The usual internet and social media babbling took place as expected and started before most of the fans who made the trip to Lynchburg even made it back to their vehicles. Fingers were pointed and names were named. None of that matters. The internet experts are nothing more than cyber blowhards who seem to enjoy making themselves sound smart, despite the fact that they really only sound ignorant and misinformed. If they really knew the answers, they would be out there winning games for us with all of their expertise.

 

But one thing was said that bears asking again. So what happens now? What does Pulaski County have to do to get past Salem and the second round of the playoffs?

 

The elements, for the most part, were there this season. The players put in the work during the offseason.

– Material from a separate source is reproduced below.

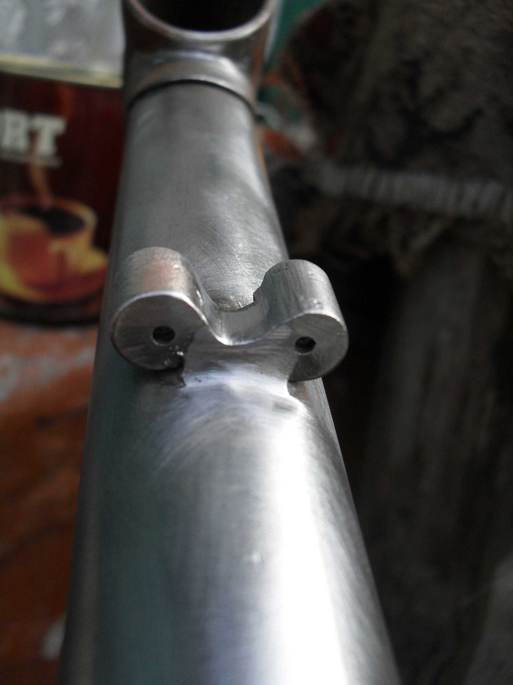 Из-за отсутствия оригинального хомута для нарамных манеток на моей Cinzia "Vittorio Adorni" пришлось поставить манетки на вынос, а пустое место на раме осталось для упоров рубашек тросиков, сейчас там некрасивая конструкция из металлических стяжек-хомутов для труб.

They had the talent, at least in most positions, and they had the desire. Being “not big enough” or “not the right size” has never really mattered to Pulaski County. We’re more well-known for lining up and smacking the other guy directly in the mouth than for having cookie-cutter sized athletes.

 

A lot of that came back this season, at least defensively. Pulaski County played a physical brand of football. There have only been a handful of Cougar teams that played defense the way this one did. The other teams found that out the hard way.

 

But in football, like in most other things in life, you can’t have just a few or most of your players getting it done and expect to reach your goals. It has to be a total team effort. Everyone has to be all in.

 

There were some spots in the Cougar lineup this season that had little to no depth after the injury bug came to visit. There were a few spots that we could have used another body. That’s high school sports. We needed a standout player on offense, but one never really emerged. Most gave it their best shot, but there wasn’t a Josh Calfee, Kevin Hendricks, Hunter Thomas or Nubian Peak to call on. We didn’t have “that guy” and we needed one.

 

Pulaski County must get better offensively next season. While the defense should still be solid, those key seniors will be missed. Offensive production will be a critical part of the equation for Cougar success.

 

While the program, coaches and fans will certainly miss the Cougar seniors as they move forward, the program will go on. That’s the great thing about it. Individual players come and go, but the Cougar Nation remains.

 

Those individual players now join the long line of former players who will spend the remainder of their lives remembering what it was like to walk down those 63 steps. They will get goose bumps when they hear that first note of 2001 played. They’ll hold their heads a little higher and remember their time in those gold helmets.

 

Thank you for your efforts gentlemen. They were very much appreciated.